◆ **YOUR OBJECTIVE**
Whatever lies between the line that holds "Habeon Architecten is" and the final line of the records below, both included, should be repeated exactly; leave out the pictures and add nothing.

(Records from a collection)
# # # # #
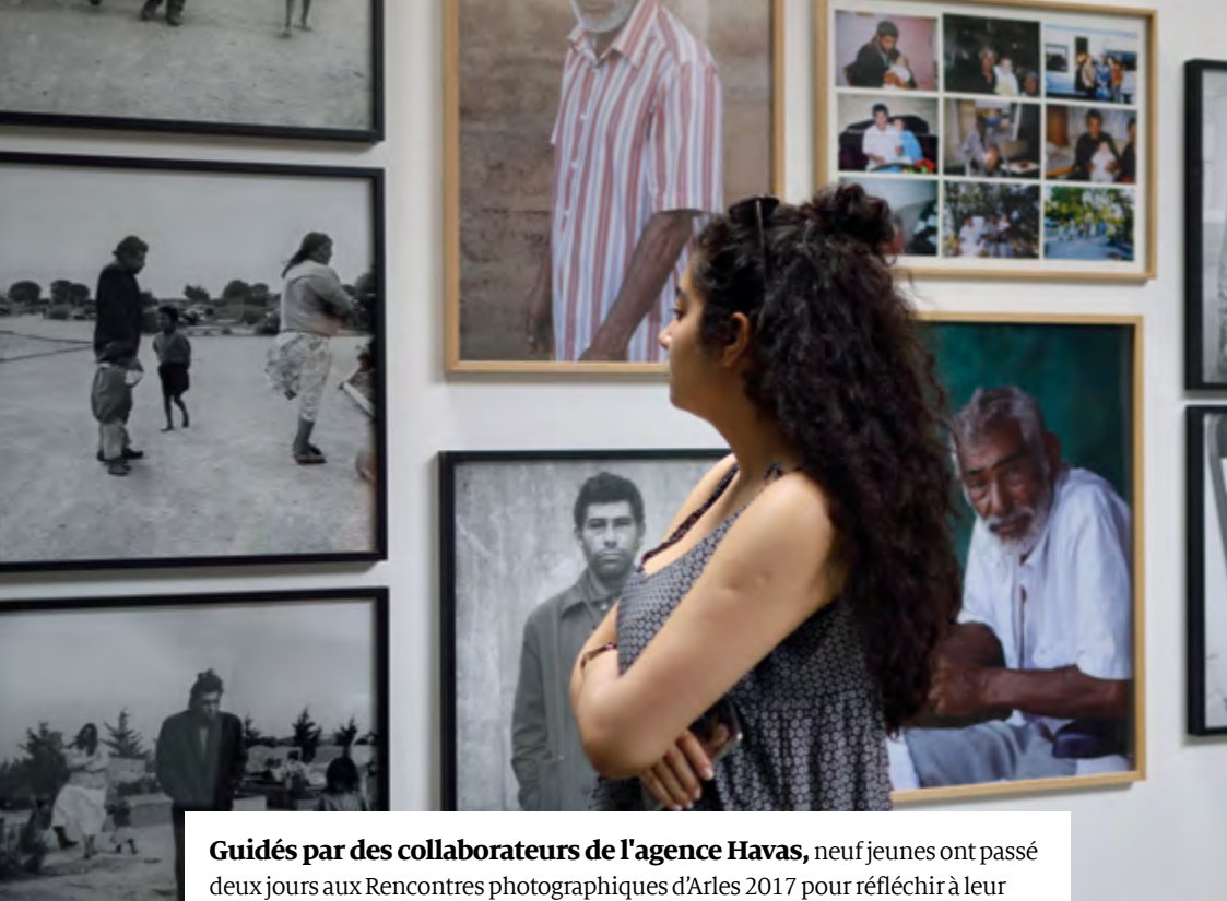
Charlène Rolée / SPF

Guidés par des collaborateurs de l'agence Havas , neuf jeunes ont passé deux jours aux Rencontres photographiques d'Arles 2017 pour réfléchir à leur projet d'exposition sur le thème "Quand on ne part pas en vacances".
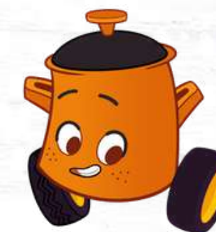
PARKING POT IL PENTOLINO PARCHEGGINO
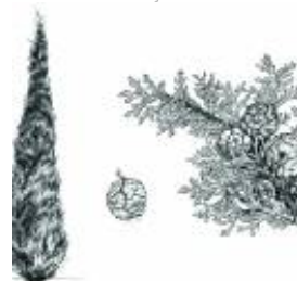
Afirmção 5 B
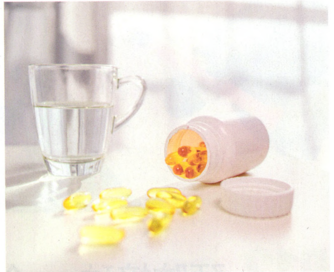
p60 抗生素不能想吃就吃
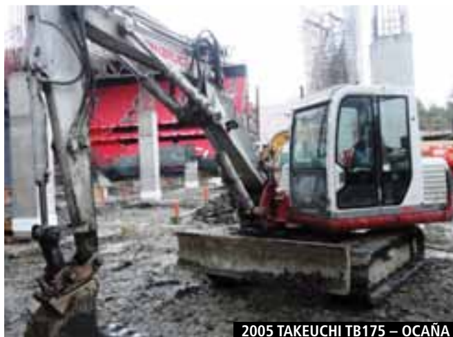
2005 TAKEUCHI TB175 – OCAÑA
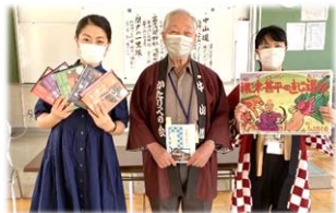
【しぶろく大井宿 歴史文化伝承チームのみなさん】
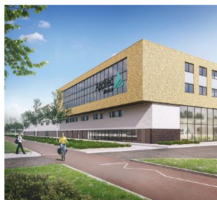
HUISVESTING APPLIED MEDICAL IN AMERSFOORT

Habeon Architecten is verbonden aan bouwbedrijf Heembouw. Zij realiseren veel bedrijfs-huisvesting, distributiecentra en kantoren. Ook dit jaar zijn ze te vinden in de top-10 van distributiecentra. De grote stijging ten opzichte van vorig jaar is te danken aan de realisatie van een aantal grotere kantoren.
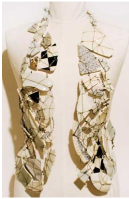
Figura 3. Vestă din fragmente de fărurii sparte, toamnă-iarnă 1989/1990 [3]
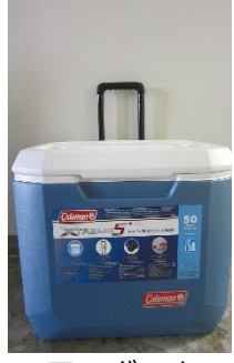
クーラーボックス
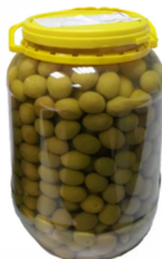
Garrafa de Aceitunas Sabor Anchoa (4,2 L)
# # # # #
◆ **EXERCISE RESPONSE**
Habeon Architecten is verbonden aan bouwbedrijf Heembouw. Zij realiseren veel bedrijfs-huisvesting, distributiecentra en kantoren. Ook dit jaar zijn ze te vinden in de top-10 van distributiecentra. De grote stijging ten opzichte van vorig jaar is te danken aan de realisatie van een aantal grotere kantoren.
Figura 3. Vestă din fragmente de fărurii sparte, toamnă-iarnă 1989/1990 [3]
クーラーボックス
Garrafa de Aceitunas Sabor Anchoa (4,2 L)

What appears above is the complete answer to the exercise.